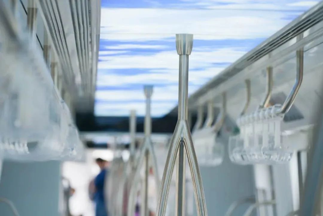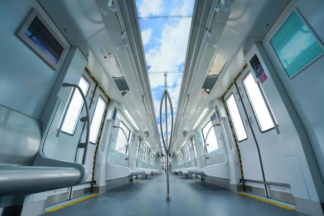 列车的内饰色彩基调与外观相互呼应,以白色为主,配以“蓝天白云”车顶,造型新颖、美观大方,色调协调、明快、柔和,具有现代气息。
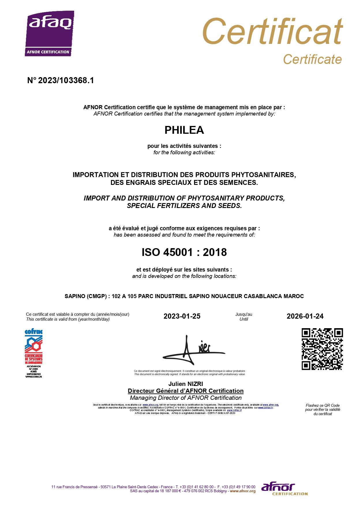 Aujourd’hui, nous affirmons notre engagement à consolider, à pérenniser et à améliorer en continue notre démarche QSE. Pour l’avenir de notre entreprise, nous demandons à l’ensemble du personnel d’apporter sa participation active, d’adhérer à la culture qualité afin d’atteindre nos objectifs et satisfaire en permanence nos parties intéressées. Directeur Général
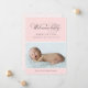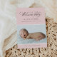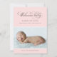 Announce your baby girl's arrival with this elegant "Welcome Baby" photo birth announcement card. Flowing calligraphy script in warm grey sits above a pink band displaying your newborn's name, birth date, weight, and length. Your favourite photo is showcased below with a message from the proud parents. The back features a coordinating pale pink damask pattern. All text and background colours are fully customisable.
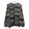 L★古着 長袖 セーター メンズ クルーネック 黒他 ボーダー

**What you should do**
The answer must be the full listing, word for word, with no images in it.

**Answer for the task**
 列车的内饰色彩基调与外观相互呼应,以白色为主,配以“蓝天白云”车顶,造型新颖、美观大方,色调协调、明快、柔和,具有现代气息。
 Aujourd’hui, nous affirmons notre engagement à consolider, à pérenniser et à améliorer en continue notre démarche QSE. Pour l’avenir de notre entreprise, nous demandons à l’ensemble du personnel d’apporter sa participation active, d’adhérer à la culture qualité afin d’atteindre nos objectifs et satisfaire en permanence nos parties intéressées. Directeur Général
 Announce your baby girl's arrival with this elegant "Welcome Baby" photo birth announcement card. Flowing calligraphy script in warm grey sits above a pink band displaying your newborn's name, birth date, weight, and length. Your favourite photo is showcased below with a message from the proud parents. The back features a coordinating pale pink damask pattern. All text and background colours are fully customisable.
 L★古着 長袖 セーター メンズ クルーネック 黒他 ボーダー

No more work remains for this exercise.